= Leslie Gibson (artist) =

British artist (1910–1969)

Leslie Donovan Gibson BA (Hons), ARCA (1910 – 1969) was a British artist in the mid 20th century.

==Early life==

Leslie Donovan Gibson was born and educated in Newcastle upon Tyne. In 1926 he was awarded the John Christie Art Scholarship to Armstrong College, Durham University, taking the education drawing certificate in 1928, the Diploma BA in Fine Art, English and French in 1929 and the Painting Certificate in 1930. He was awarded a Royal Exhibition, studying in the School of Painting at the Royal College of Art from 1930 to 1934.

== Career ==
From 1936 to 1938 he was appointed as the Board of Education Visitor to Art Schools in Germany and Italy.

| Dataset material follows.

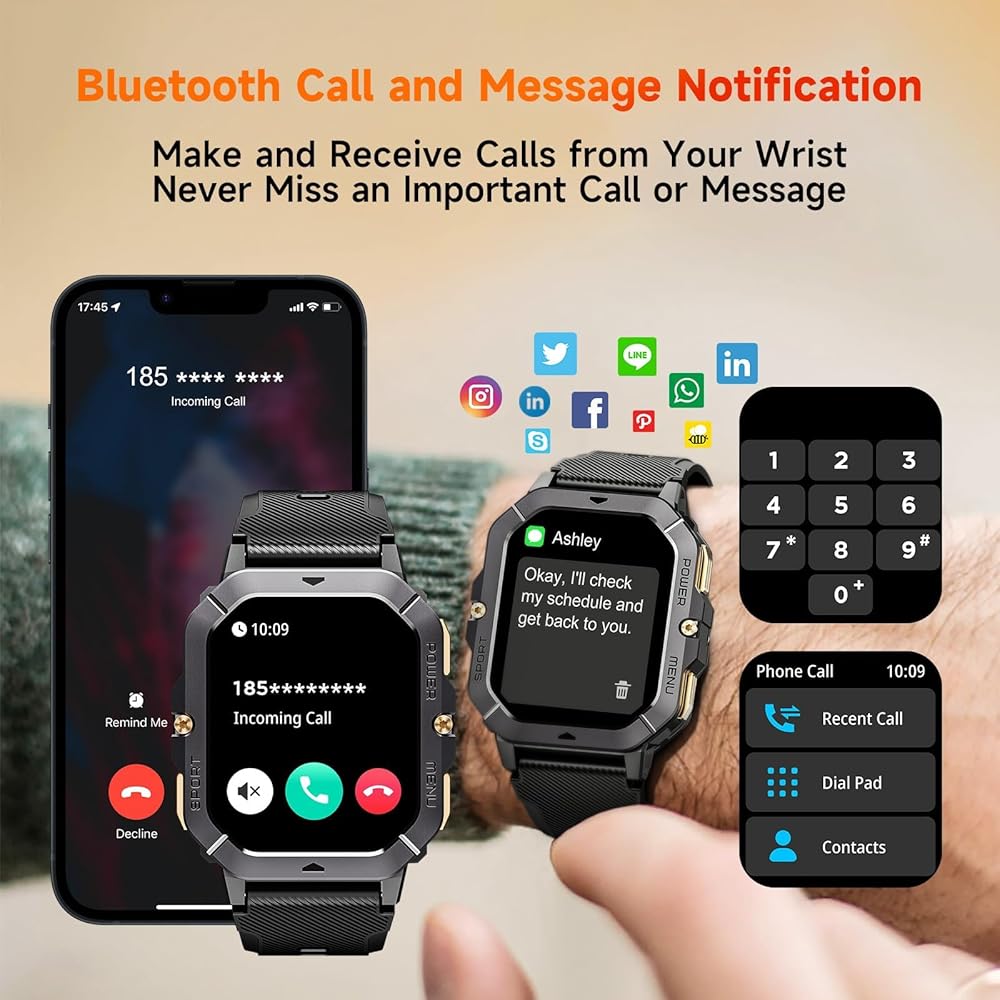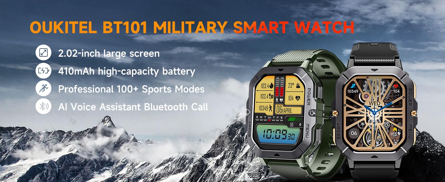 Durable Samrt Watch with Waterproof. The OUKITEL BT101 Rugged Smartwatch is waterproof and tested to be undamaged even in water up to 10 meters deep. The case is made of aerospace-grade metal and the screen is made of hard unbreakable Corning Gorilla Glass, which not only withstands drops and bumps better, but can also be used in extreme environments.

During the 1930s he travelled extensively in Europe, visiting and painting in France, Belgium, Spain, Finland, Norway, Sweden and Greece.

In the 1930s he painted from London Studios at Trafalgar Square, Chelsea and Camden Town. In 1940 he worked from Rydal in Westmorland before returning to Kensington, London in 1945. In 1950 he established the Stapleford Studio, near Salisbury, painting extensively in the West Country until his death in 1969.

Gibson worked in a variety of media. Chiefly a landscape painter, portraits and still life were among his subjects. The production of drawings, not merely for working purposes but as a visual record of the artist's experience, carefully outlined in pen and ink, the surfaces freely indicated with wash laid on richer layers predominating over pen lines, are sure and sensitive. His etchings, dry points and lithographs show a fine continuity and chiaroscuro.

==Exhibitions==

From the 1930s onwards, Gibson exhibited work at the Royal Scottish Academy, the National Gallery of Canada and at many group exhibitions.

===London shows===

The London Group,
The Mall Galleries,
The Royal Academy,
Senefelder Club,
Victoria and Albert Museum.

===Provincial galleries===

Bath Art Gallery,
Blandford Society of Arts,
Bradford Art Gallery, Cartwright Hall,
Bromley Society of Artists,
Chelmsford Cathedral,
Laing Art Gallery and Museum, Newcastle upon Tyne,
Leeds Art Gallery,
Manchester Art Gallery,
Phoenix Art Gallery,
Salisbury Society of Artists,
Southampton Art Gallery,
West of England Academy Bristol,
Wordsworth Museum Rydal.

==Memorial==
There is a memorial to him at St Mary, Stapleford.